The Reality of Qwen2 1.5B on M1 Mac

Let me address the elephant in the room. If you searched for “Qwen2 1.5B tokens per second M1” hoping to find incredible speeds, here is what the data actually shows.

Official Qwen Benchmarks (A100 GPU Baseline)

From the Qwen documentation, running Qwen2-1.5B on a high-end NVIDIA A100 GPU:

Model Quantization Tokens/sec Hardware
Qwen2-1.5B BF16 ~39.7 A100 GPU
Qwen2-1.5B GPTQ-Int8 ~32.6 A100 GPU
Qwen2-1.5B GPTQ-Int4 ~42.5 A100 GPU
Qwen2-1.5B AWQ ~43.0 A100 GPU

Even on a data center GPU, the speeds are in the tens of tokens per second, not billions.
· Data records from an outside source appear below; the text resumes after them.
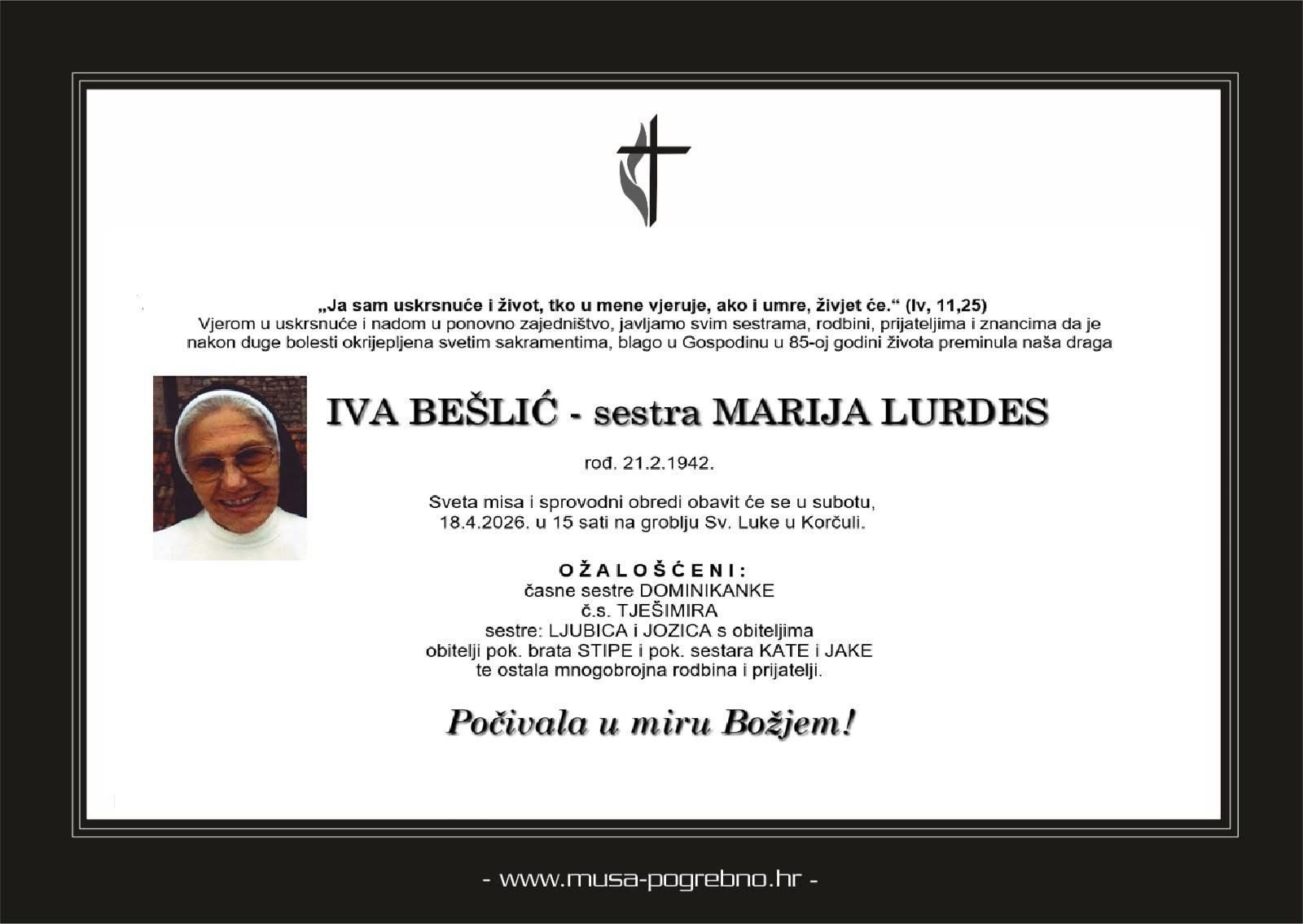 OBAVIJEST O SPROVODU s. Marije Lurdes Bešlić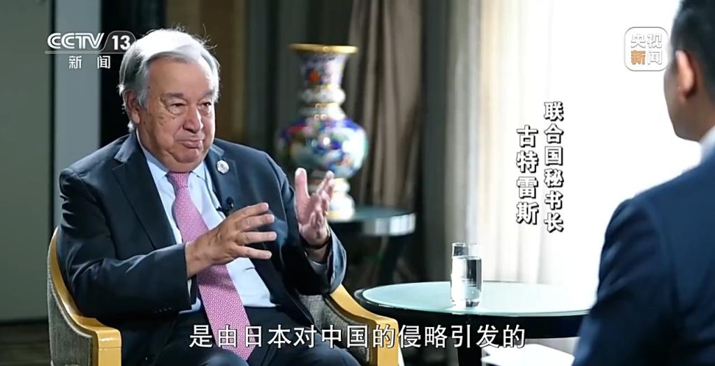 联合国秘书长 古特雷斯:事实是,二战的爆发是由日本对中国的侵略引发的,当时的九一八事变广为人知。所以,把二战的时间简单界定为1939年至1945年,是片面的。我们需要有更全面的视野,必须承认中国多年来的抗日斗争,是抗击日本的决定性因素,为削弱日本做出了根本性贡献。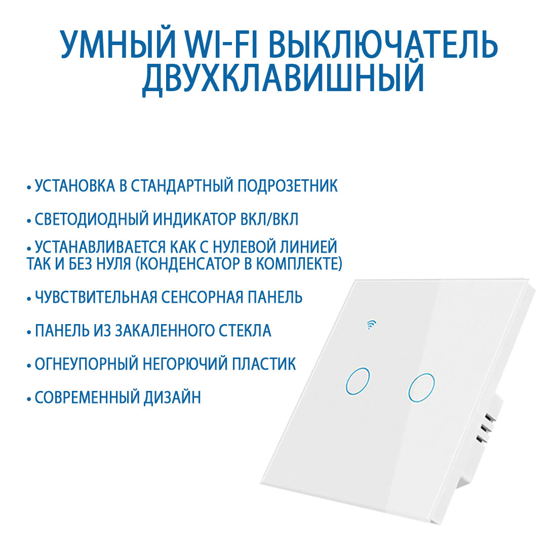 Умный выключатель с Алисой, сенсорный выключатель с Wi-Fi двухклавишный белый, подключение с нулем и без нуля, закаленное стекло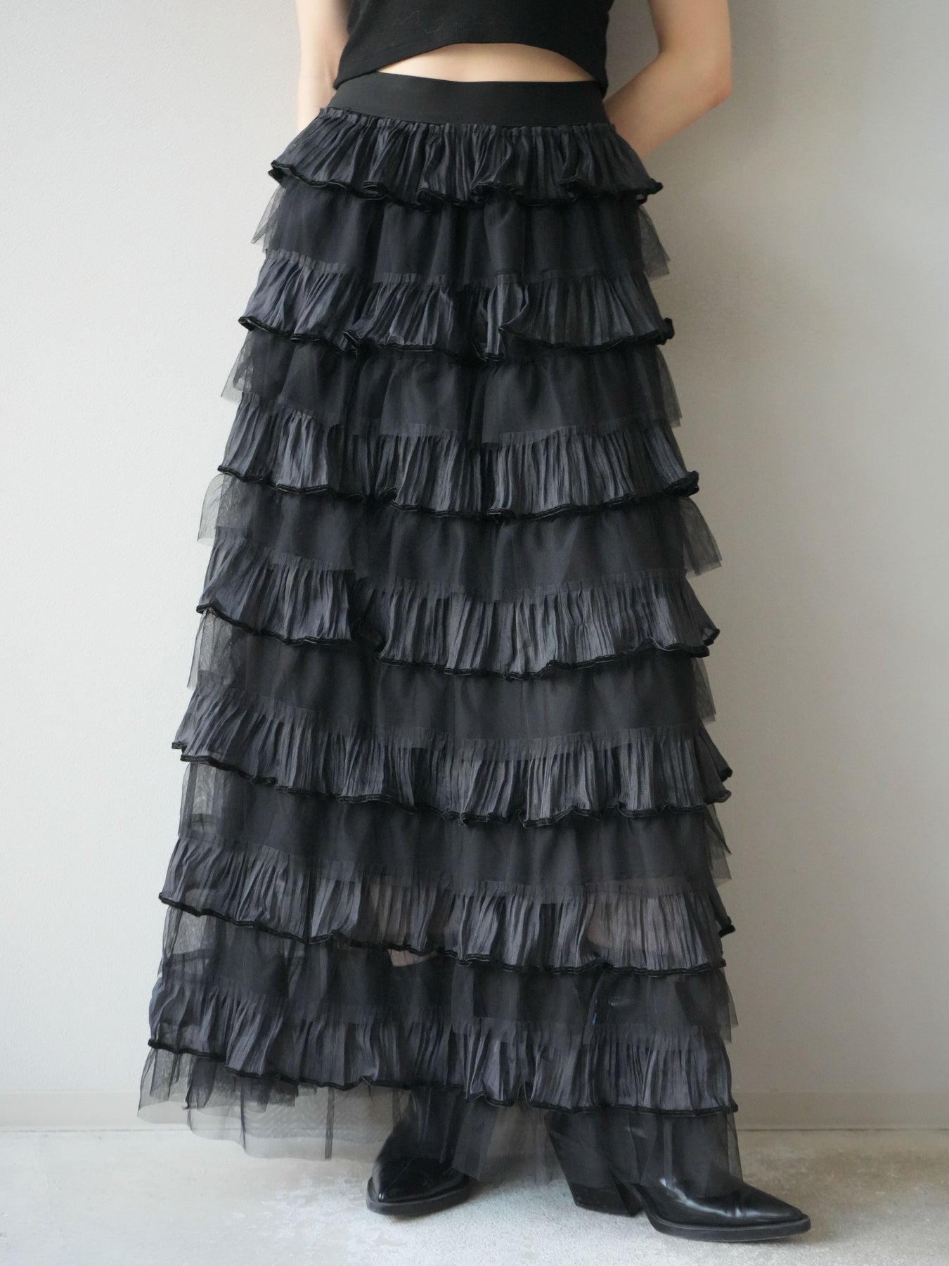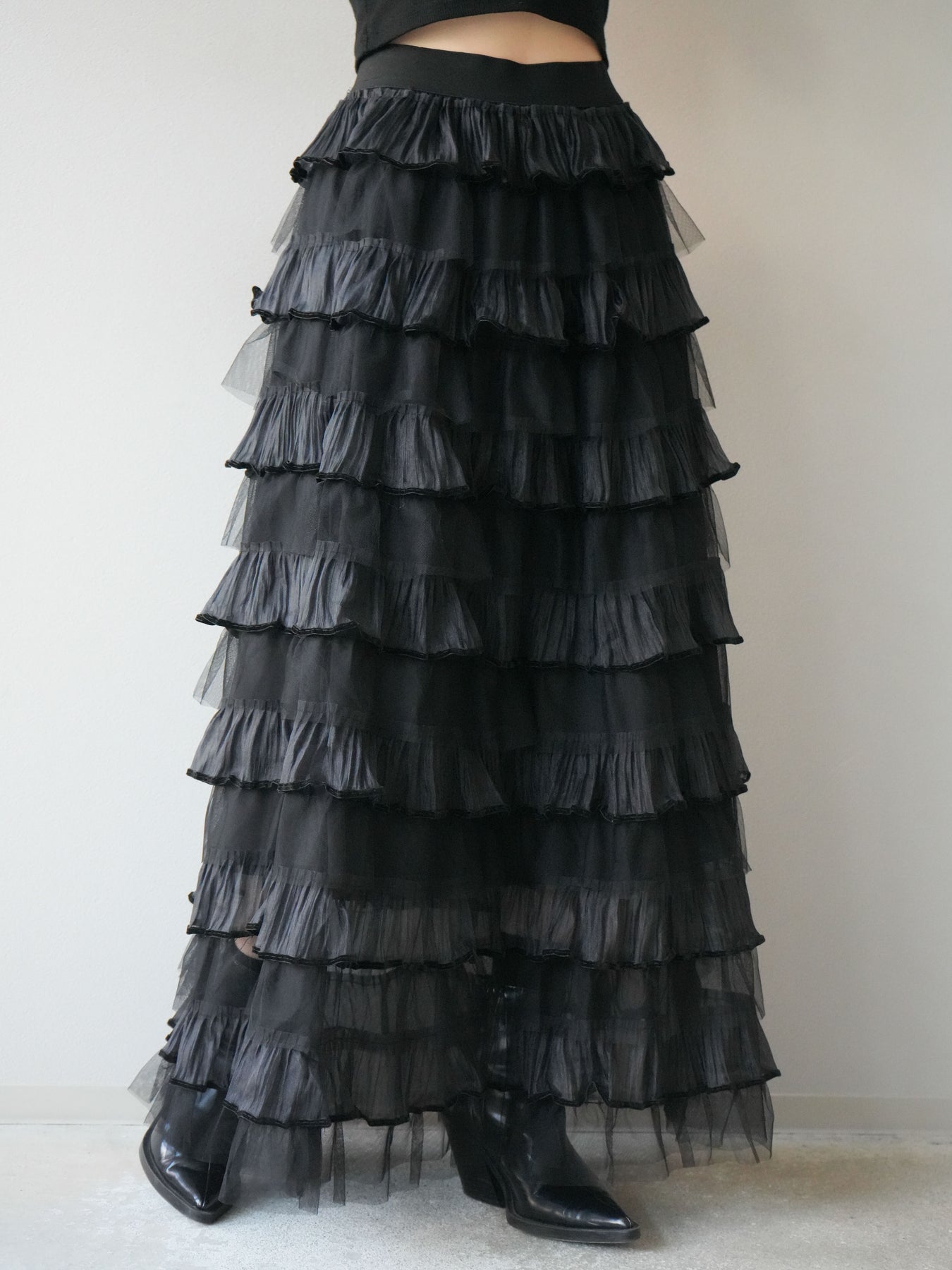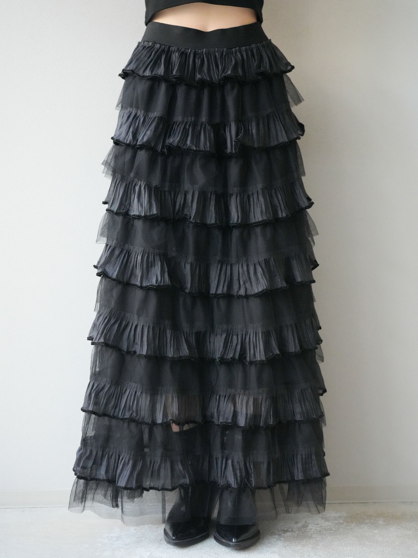 [予約]ベロアパイピングチュールティアードスカート/ブラック

Real Numbers on Apple Silicon

Based on community benchmarks and testing (from r/LocalLLaMA and PracticalWebTools):

Hardware Model Quantization Backend Tokens/sec
M1 Air 8GB Qwen2-1.5B Q4_K_M Ollama ~35-45
M1 Pro 16GB Qwen2.5-7B 4-bit Ollama ~25-30
M1 Pro 32GB Qwen2.5-7B 4-bit Ollama ~27-35
M1 Max 64GB Qwen2.5-7B 4-bit MLX MLX ~60-65
M1 Max 64GB Qwen2.5-7B GGUF Ollama ~40-45
Mac Mini 16GB Qwen2-1.5B Q4_K_M Ollama ~42-58

The pattern is clear: Qwen2 1.5B on M1 Mac runs at 30-60 tokens per second depending on quantization and backend. This is the Ollama Qwen2 1.5B tokens per second M1 reality.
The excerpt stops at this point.